Greece launches major tax crackdown on Airbnb hosts over undeclared income
Greek tax authorities are intensifying scrutiny of short-term rental income, launching a large-scale enforcement campaign targeting property owners operating through platforms such as Airbnb and similar digital marketplaces.
The Independent Authority for Public Revenue (AADE) has begun opening thousands of tax files after electronic cross-checks revealed major discrepancies between declared rental income and actual earnings recorded by online platforms.
According to officials, the first wave of automated audits uncovered widespread mismatches involving income from short-term rentals between 2020 and 2023.
Greek Tax Authority Using Platform Data to Detect Hidden Income
Under the new enforcement framework, digital rental platforms submit financial data directly to Greek tax authorities twice annually, allowing auditors to compare platform-generated revenue with taxpayers’ official declarations.
The findings have already triggered thousands of electronic notifications through the myAADE platform, warning taxpayers about inconsistencies linked to undeclared or underreported Airbnb income.
The notices reportedly include:
- Revenue figures reported by rental platforms
- Declared income submitted to tax authorities
- Detailed discrepancies identified through electronic matching systems
Affected property owners are now being asked either to:
- Accept the findings and submit amended tax returns, or
- Challenge the data by providing supporting documentation
- Corrections Required for Tax Forms and Income Declarations
Taxpayers under review must update both:
- E2 property income forms
- Annual income tax declarations
The goal is to fully align tax filings with financial data transmitted by short-term rental platforms.
Greek authorities are placing particular emphasis on tax year 2020 cases because the statute of limitations for audits expires at the end of 2026.
Key Compliance Deadlines Announced
The AADE has established the following deadlines:
June 15, 2026 → Deadline for correcting 2020 tax year discrepancies
July 30, 2026 → Deadline for amendments covering 2021–2023 tax years
After amended returns are filed, authorities will issue revised tax assessments that may include:
- Additional income taxes
- Late-payment interest charges
- Penalties for inaccurate declarations
However, officials say voluntary compliance before the completion of a formal audit can reduce fines by up to 50%.
Not All Discrepancies May Indicate Tax Evasion
Market sources and accounting professionals caution that some inconsistencies may stem from technical or accounting issues rather than deliberate tax concealment.
Potential causes reportedly include:
- Cancelled bookings that generated no payment
- Duplicate entries
- Platform commission deductions
- Incorrect data transfers to tax authorities
Accounting firms across Greece are now reviewing platform data against previously submitted rental declarations to determine whether corrections or formal objections should be filed.
Full Tax Audits Await Non-Compliant Property Owners
Authorities warn that taxpayers who ignore the notices risk triggering comprehensive tax investigations.

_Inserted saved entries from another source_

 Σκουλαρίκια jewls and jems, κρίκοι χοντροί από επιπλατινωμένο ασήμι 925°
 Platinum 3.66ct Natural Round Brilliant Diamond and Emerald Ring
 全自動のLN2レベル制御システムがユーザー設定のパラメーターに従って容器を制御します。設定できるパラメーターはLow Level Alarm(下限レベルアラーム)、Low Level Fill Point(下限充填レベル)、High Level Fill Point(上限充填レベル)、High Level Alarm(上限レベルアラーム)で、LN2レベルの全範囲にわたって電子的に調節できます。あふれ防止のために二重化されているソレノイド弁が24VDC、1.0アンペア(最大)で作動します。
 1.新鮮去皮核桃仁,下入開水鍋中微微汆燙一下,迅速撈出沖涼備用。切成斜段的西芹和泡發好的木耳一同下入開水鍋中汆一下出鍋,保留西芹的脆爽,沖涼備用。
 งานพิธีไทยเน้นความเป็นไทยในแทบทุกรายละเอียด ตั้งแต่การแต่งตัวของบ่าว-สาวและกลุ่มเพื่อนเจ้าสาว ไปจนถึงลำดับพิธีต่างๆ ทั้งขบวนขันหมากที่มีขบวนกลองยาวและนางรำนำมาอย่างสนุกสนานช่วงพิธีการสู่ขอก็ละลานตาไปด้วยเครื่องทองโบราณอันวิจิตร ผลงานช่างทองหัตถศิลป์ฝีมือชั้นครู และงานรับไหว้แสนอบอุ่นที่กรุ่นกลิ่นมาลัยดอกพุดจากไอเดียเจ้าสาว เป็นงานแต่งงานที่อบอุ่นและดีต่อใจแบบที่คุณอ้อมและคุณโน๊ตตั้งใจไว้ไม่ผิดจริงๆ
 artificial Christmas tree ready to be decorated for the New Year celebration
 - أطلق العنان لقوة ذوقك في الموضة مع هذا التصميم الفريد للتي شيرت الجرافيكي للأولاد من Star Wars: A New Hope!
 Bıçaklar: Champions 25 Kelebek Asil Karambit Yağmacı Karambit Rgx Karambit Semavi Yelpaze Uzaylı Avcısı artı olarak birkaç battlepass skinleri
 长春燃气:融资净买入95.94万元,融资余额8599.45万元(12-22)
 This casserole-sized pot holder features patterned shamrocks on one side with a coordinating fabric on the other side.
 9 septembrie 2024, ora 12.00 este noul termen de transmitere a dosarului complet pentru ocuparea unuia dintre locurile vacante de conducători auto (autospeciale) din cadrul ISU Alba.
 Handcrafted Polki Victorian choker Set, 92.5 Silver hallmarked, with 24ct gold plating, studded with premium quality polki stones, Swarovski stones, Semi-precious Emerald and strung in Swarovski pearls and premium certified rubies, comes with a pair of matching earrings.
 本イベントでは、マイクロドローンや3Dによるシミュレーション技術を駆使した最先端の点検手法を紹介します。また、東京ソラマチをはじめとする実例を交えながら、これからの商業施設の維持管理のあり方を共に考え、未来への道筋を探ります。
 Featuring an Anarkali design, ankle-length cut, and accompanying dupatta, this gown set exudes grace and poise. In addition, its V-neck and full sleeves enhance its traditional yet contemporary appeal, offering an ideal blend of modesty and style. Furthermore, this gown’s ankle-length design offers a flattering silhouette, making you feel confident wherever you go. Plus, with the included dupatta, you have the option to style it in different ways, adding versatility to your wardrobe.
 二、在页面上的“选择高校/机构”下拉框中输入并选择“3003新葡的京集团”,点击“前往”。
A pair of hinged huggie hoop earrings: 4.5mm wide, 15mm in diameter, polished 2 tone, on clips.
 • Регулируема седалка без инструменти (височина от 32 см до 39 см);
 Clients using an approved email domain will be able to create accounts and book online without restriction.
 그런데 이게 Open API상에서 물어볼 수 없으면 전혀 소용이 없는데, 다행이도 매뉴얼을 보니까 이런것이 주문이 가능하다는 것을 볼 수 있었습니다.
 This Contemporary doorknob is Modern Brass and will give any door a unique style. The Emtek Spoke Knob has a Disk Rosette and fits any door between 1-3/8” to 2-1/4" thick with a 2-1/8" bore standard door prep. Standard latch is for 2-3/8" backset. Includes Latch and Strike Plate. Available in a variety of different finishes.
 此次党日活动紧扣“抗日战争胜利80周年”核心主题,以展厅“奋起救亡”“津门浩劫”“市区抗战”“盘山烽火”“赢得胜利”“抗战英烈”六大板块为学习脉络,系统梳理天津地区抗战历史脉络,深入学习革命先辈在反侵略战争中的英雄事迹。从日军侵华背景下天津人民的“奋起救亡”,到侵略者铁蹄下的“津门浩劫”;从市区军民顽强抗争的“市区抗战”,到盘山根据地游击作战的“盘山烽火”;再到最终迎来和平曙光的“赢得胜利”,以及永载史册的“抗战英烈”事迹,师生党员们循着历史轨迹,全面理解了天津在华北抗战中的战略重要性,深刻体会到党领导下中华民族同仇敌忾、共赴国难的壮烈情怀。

Such audits could result in:
- Larger tax assessments
- Increased interest charges
- Heavier administrative fines
The crackdown reflects Greece’s broader effort to tighten oversight of the rapidly expanding short-term rental market, which has transformed housing dynamics in cities such as Athens and popular tourist destinations across the country.
As European governments continue introducing stricter regulations for vacation rental platforms, Greece is signaling a tougher stance on tax compliance within the booming Airbnb economy.